*Dataset extract*

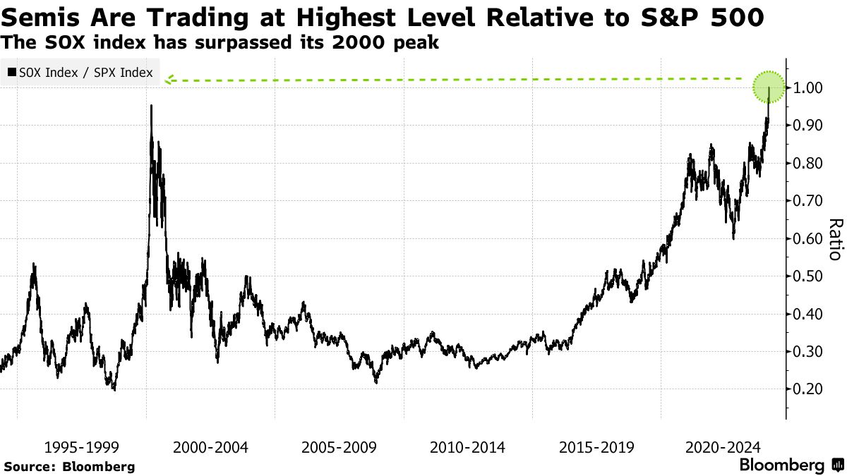 尽管半导体相对于标普500指数的交易水平创下历史新高,哈特内特仍然重申科技股可能还有更多上涨空间。
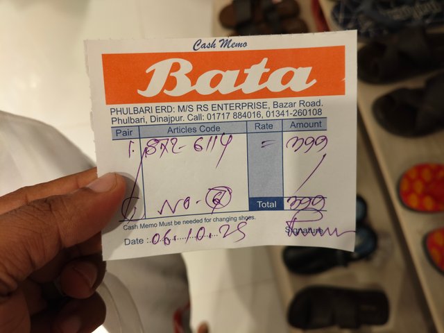 When I buy shoes, they immediately give me a computer receipt copy. When I went there, there was no electricity, so they gave me a handwritten copy. I will keep this copy as a document. Also, they often write other benefits of the product on the back of this copy. This way, they can give more benefits and we don't have to pay taxes.
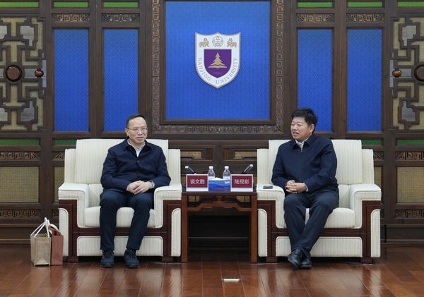 谈文胜与南京大学副校长陆现彩举行会谈,双方就深化校地合作、共育地质人才、联合科技攻关等达成共识。
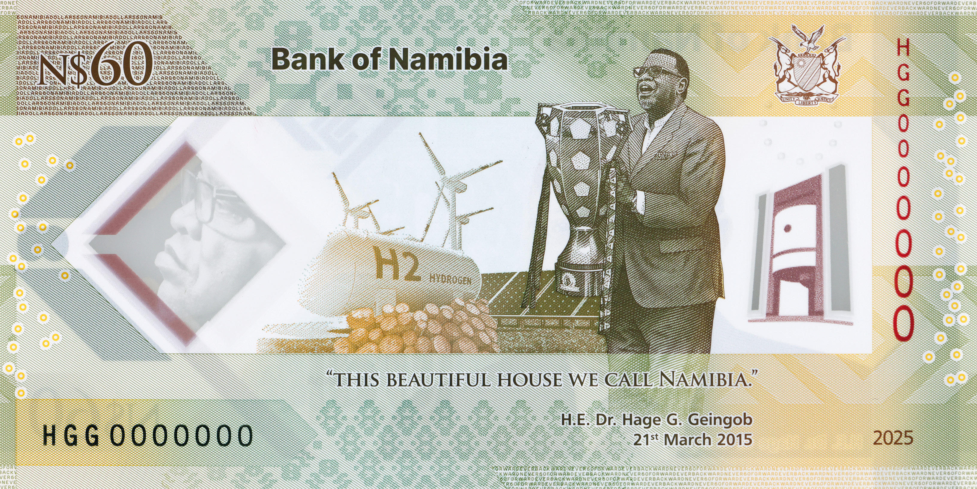 7) Namibia, banknot okolicznościowy, 60 dolarów namibijskich, Upamiętnienie Hage’a Geingoba
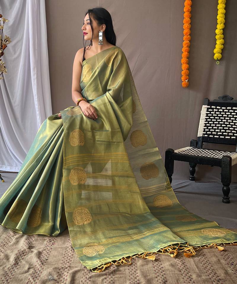Product Name | Green Woven Tissue Saree With Blouse Piece | |
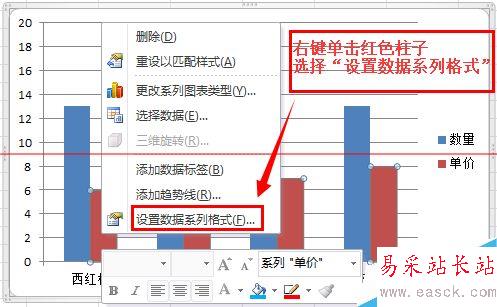 4、生成圖表后,“左鍵單擊紅色柱子”→再“點擊右鍵”→“設置數據系列格式”
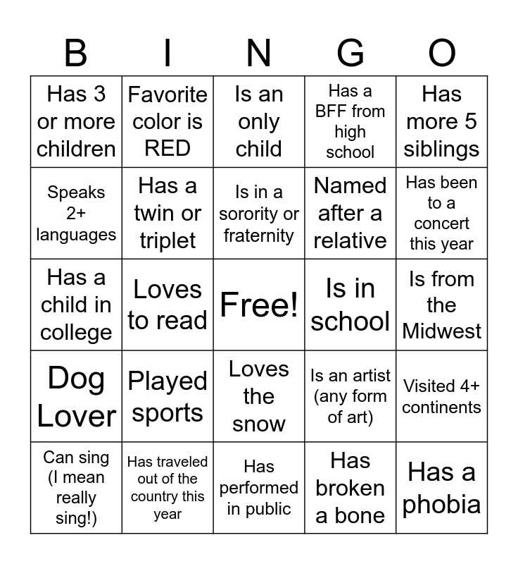 This bingo card has a free space and 33 words: Is from Chicago, First job in an FQHC, Loves to read, Cat Lover, Dog Lover, Has a twin or triplet, Has more 5 siblings, Can sing (I mean really sing!), Favorite color is RED, Was born outside of the US, Is in a sorority or fraternity, Is an only child, Is a vegetarian, Has never flown, Is in school, Has been to a concert this year, Has traveled out of the country this year, Has a child in college, Played sports, Is an artist (any form of art), Loves the snow, Has never flown, Has 3 or more children, Is from the Midwest, Has performed in public, Has a phobia, Has a BFF from high school, Named after a relative, Speaks 2+ languages, Visited 4+ continents, Good cook, Has broken a bone and Birthday is on a holiday.
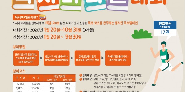 용인시는 시민 스스로 책 읽는 즐거움을 누리고 독서문화를 확산하도록 10월31일까지 열리는 독서마라톤 대회의 참가 신청을 20일부터 접수한다. 올해 4회째 열리는 이 대회는 독서를 마라톤에 비유해 책 1페이지를 2미터로 환산해 완주거리를 계산하는 방식이다. 용인시 도서관 회원이라면 누구나 이 대회에 참여할 수 있다. 참가부문은 유아 ‧ 초등 ‧ 청소년 ‧ 성인 ‧ 실버 ‧ 군인 ‧ 가족 등 7개 부문이다. …

*Problem statement*
If a picture sits between the line containing "7) Namibia, banknot" and the line containing "This bingo card", leave it out, and return the lines of that range above exactly, both ends included.

*Result below*
 7) Namibia, banknot okolicznościowy, 60 dolarów namibijskich, Upamiętnienie Hage’a Geingoba
Product Name | Green Woven Tissue Saree With Blouse Piece | |
 4、生成圖表后,“左鍵單擊紅色柱子”→再“點擊右鍵”→“設置數據系列格式”
 This bingo card has a free space and 33 words: Is from Chicago, First job in an FQHC, Loves to read, Cat Lover, Dog Lover, Has a twin or triplet, Has more 5 siblings, Can sing (I mean really sing!), Favorite color is RED, Was born outside of the US, Is in a sorority or fraternity, Is an only child, Is a vegetarian, Has never flown, Is in school, Has been to a concert this year, Has traveled out of the country this year, Has a child in college, Played sports, Is an artist (any form of art), Loves the snow, Has never flown, Has 3 or more children, Is from the Midwest, Has performed in public, Has a phobia, Has a BFF from high school, Named after a relative, Speaks 2+ languages, Visited 4+ continents, Good cook, Has broken a bone and Birthday is on a holiday.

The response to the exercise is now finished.